# I kind of know the answer but...



## Samurai (Nov 24, 2005)

Has anybody had success repairing a cracked graphite rod?I have a Outcast rod that got hit by a rock(don't ask )and there is three cracks about 3/4" where the impact happened.The funny thing is a freind asked me to repair a simular rod about a week ago and I told him it was not worth the risk of it snapping on a big fish.This pole has special "Mana",so I'm very hesitant to just wrap another rod.I know I'm asking for alot but any feedback/help appreciated.---I was thinking about attempting a repair by laying down some epoxy over the cracks,putting a layer of wrap and then flexcoat.I figure I'd take it to the park and try to snap it on the cast.If it breaks,I hope I don't get hurt.Fishing it"as is"is out of the question.---Aloha!!


----------



## Railroader (Apr 13, 2005)

You KNOW better than that, Samurai.... 

You gotta get another rod.


----------



## narfpoit (Jun 16, 2004)

Well if it is in the thicker part of the rod down near the butt and there arent any eyes in the way you might be able to find a carbon fiber sleeve to fit over it. 
http://www.solarcomposites.com/composites/carbon fiber sleeves.html

just find one with the correct inside diameter and slip it over the area after you roughed it up with a little sand paper and then wet it out with some epoxy. This shouldnt add much weight and hopefully will keep it from exploding on you. But really it all depends on how bad it was damaged to begin with.


----------



## Samurai (Nov 24, 2005)

Railroader said:


> You KNOW better than that, Samurai....
> 
> You gotta get another rod.


I was hoping someone had a magic wand I could wave over it and a few voodoo chants and kapoof,new rod. In my mind I know I need a new blank but just don't want to admit it.---The problem is if I go get a new blank,I'm bound to come home with two more and probally a new reel.Wait,now how is that bad?---Aloha!!


----------



## Fisher (May 22, 2006)

*Aloha!*



Samurai said:


> I was hoping someone had a magic wand I could wave over it and a few voodoo chants and kapoof,new rod. In my mind I know I need a new blank but just don't want to admit it.---The problem is if I go get a new blank,I'm bound to come home with two more and probally a new reel.Wait,now how is that bad?---Aloha!!
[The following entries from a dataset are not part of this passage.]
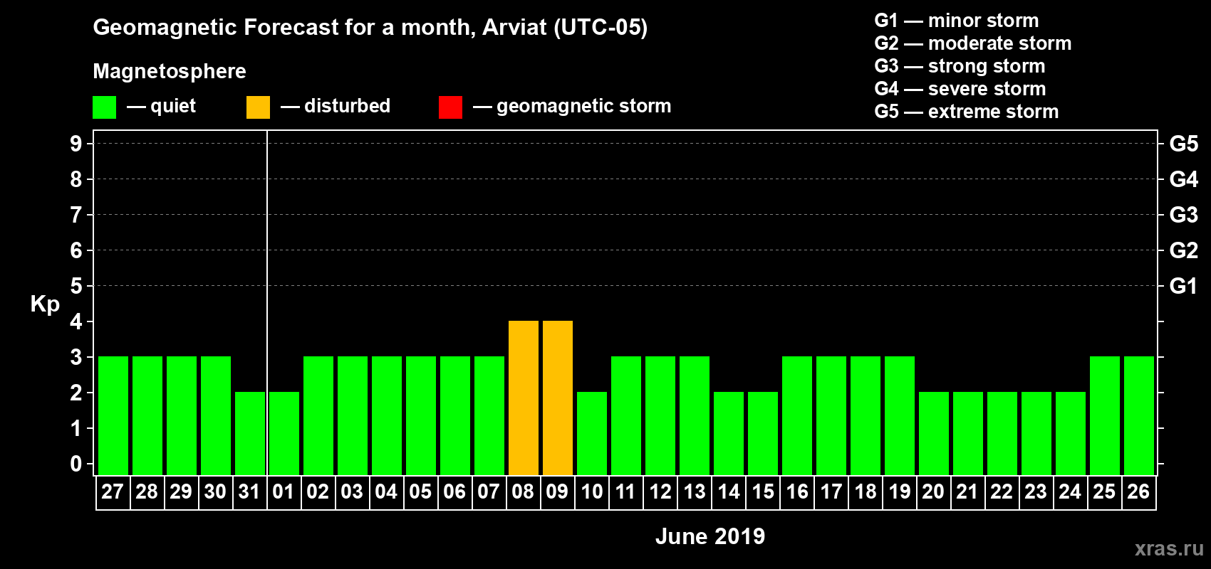 Geomagnetic storm forecast in Arviat for May 27, 2019
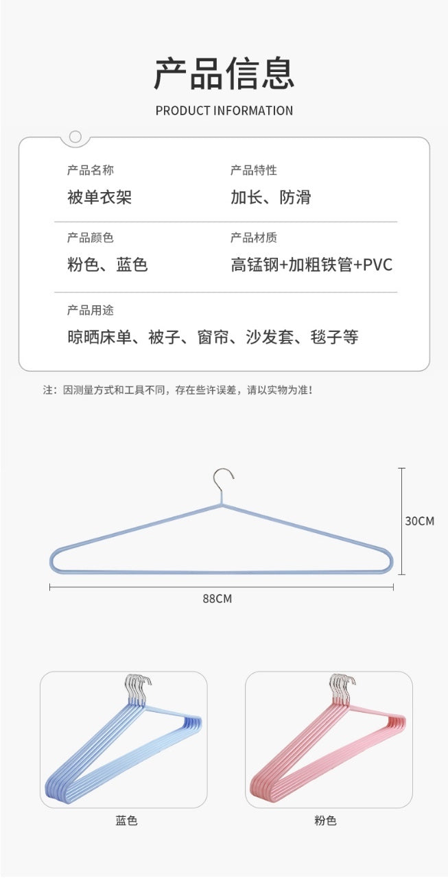 Made of PVC and thickened steel pipe, with a 120cm extended design, even large quilts can be easily laid out to dry . It's strong enough to support up to 20 kg, and even if the clothesline bends, the hangers remain intact. The smooth, burr-free surface won't damage quilts or your hands—a delight for detail-oriented people! Whatever your home's decorating style, you'll find a perfect match.
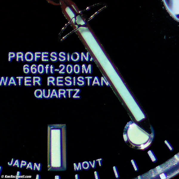 Macro performance top Macro is reasonable. Here's what you'll get on full-frame: Genuine Rolex Submariner at close-focus distance at f/8 on full frame.
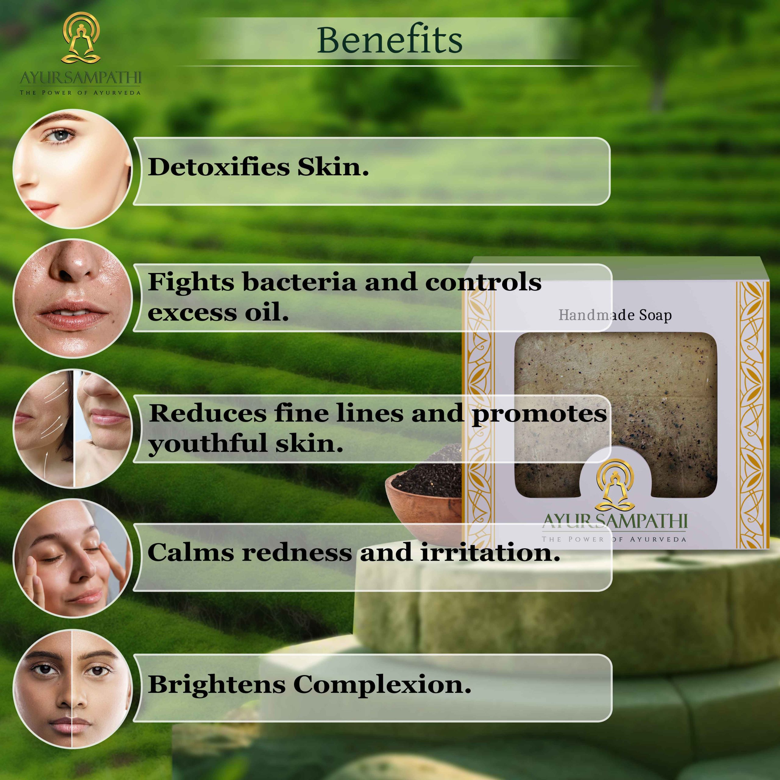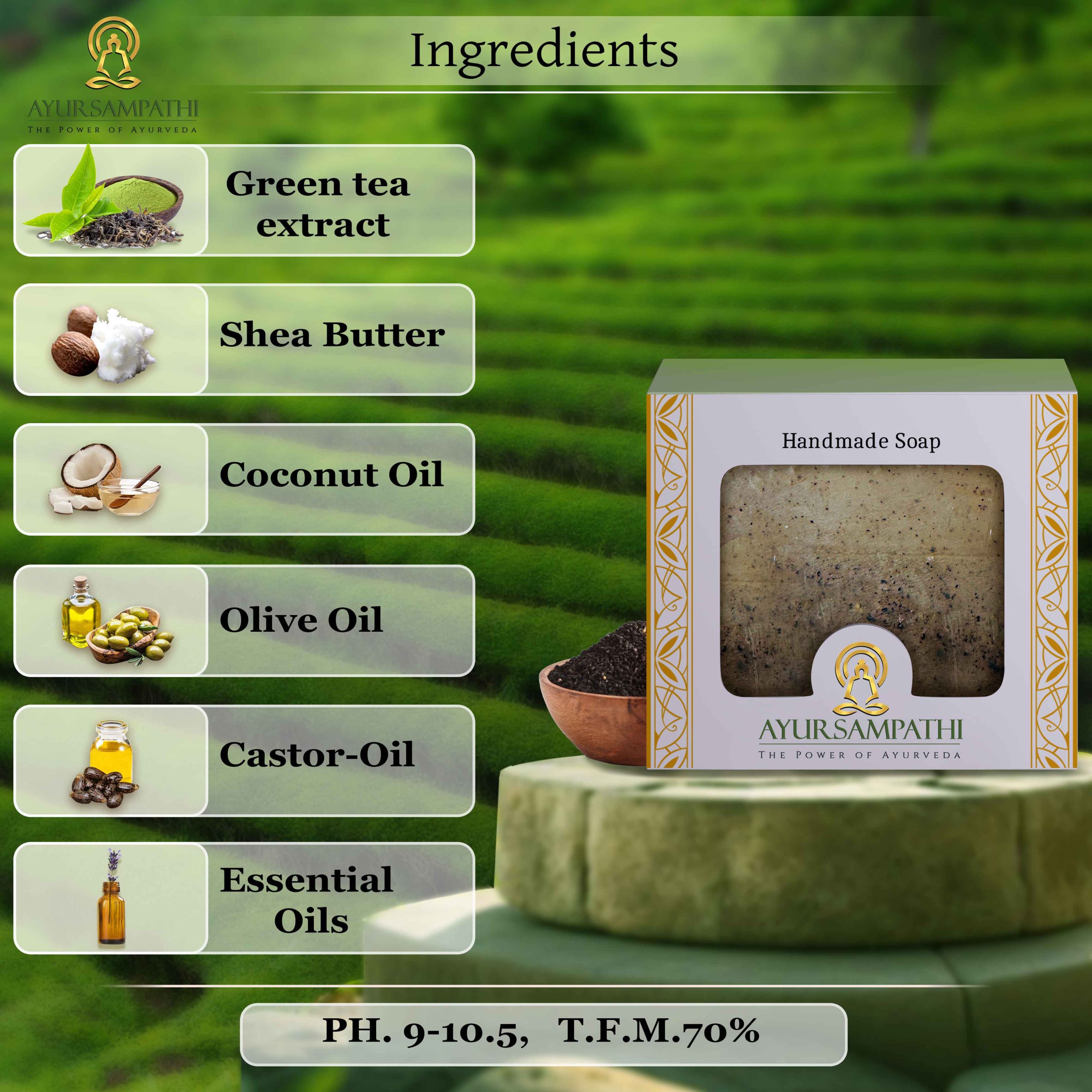 Refresh and nourish your skin with the natural goodness of our Ayurvedic Handmade Green Tea Soap. Infused with antioxidant-rich green tea extracts and blended with traditional Ayurvedic herbs, this gentle soap offers a soothing and rejuvenating cleanse for your skin.

Actually there is a voodo chant I know to mend fishing rods that have been damaged by a big stone! It goes like this;I...M....A....T...T..hocus pocus malle malle who u . rod be gone!! Dude your in hawaii


----------



## Ed K (Mar 1, 2007)

go to www.rodbuilding.org and do a search on blank repair they have a lot of good info. you might be able to save it.


----------